熱狂する観衆、クールな羽生結弦。完璧な王者がリンクに帰ってきた (2ページ目)

  • 折山淑美●取材・文 text by Oriyama Toshimi
  • photo by JMPA/Noto Sunao

 後半のトリプルアクセルもきれいに決めて勢いをつけ、4回転トーループ+3回転トーループの連続ジャンプからキレのあるステップに移る。『バラード第1番ト短調』というプログラムを、全体の流れだけではなく、ジャンプの跳び方やスピンの回り方などまで含めて、すべてコントロールしているような演技だった。

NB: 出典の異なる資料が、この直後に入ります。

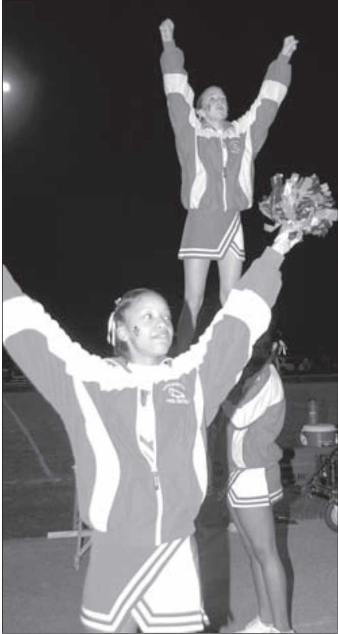
Entertaining the crowd, Lancaster High's varsity cheerleaders did a lift during a break in the action on the field.

「江陵に入ってからはジャンプの本数を制限していて、特にサルコウに関しては体が動いていない部分があったと思います。そこに刺激を与えるような形で練習していたんですが、本番では思った通りに体が動いてくれましたね。しばらく試合では跳んでいなくても、自分の体がジャンプの感覚を覚えていると思っていました。アクセルもトーループもサルコウも、何年間も一緒に戦ってきたジャンプなので、そういった感謝を込めながら跳びました」

 最後のチェンジフットコンビネーションスピンはレベル3と取りこぼしたが、出来栄え点(GOE)の加点は2点と3点をずらりと並べた。初めてSPで110点台を出した2015年のGPファイナルと比較しても、連続ジャンプが後半に入っていることを考慮に入れれば、ほぼ同じくらいの得点が出る構成になっていた。演技構成点は若干低かったが、それは久しぶりの試合だったことも影響しているだろう。

 16日のSPで羽生が演じたバラードには、「現時点でやれることをやるだけ」という冷静な気持ちが表れていた。落ち着いていたとはいえ、あっさりノーミスで演じきってしまうのが彼のすごさだ。

 17日のフリーでも羽生が冷静に自分の演技に徹することができれば、おのずと2大会連続の五輪金メダルが見えてくる。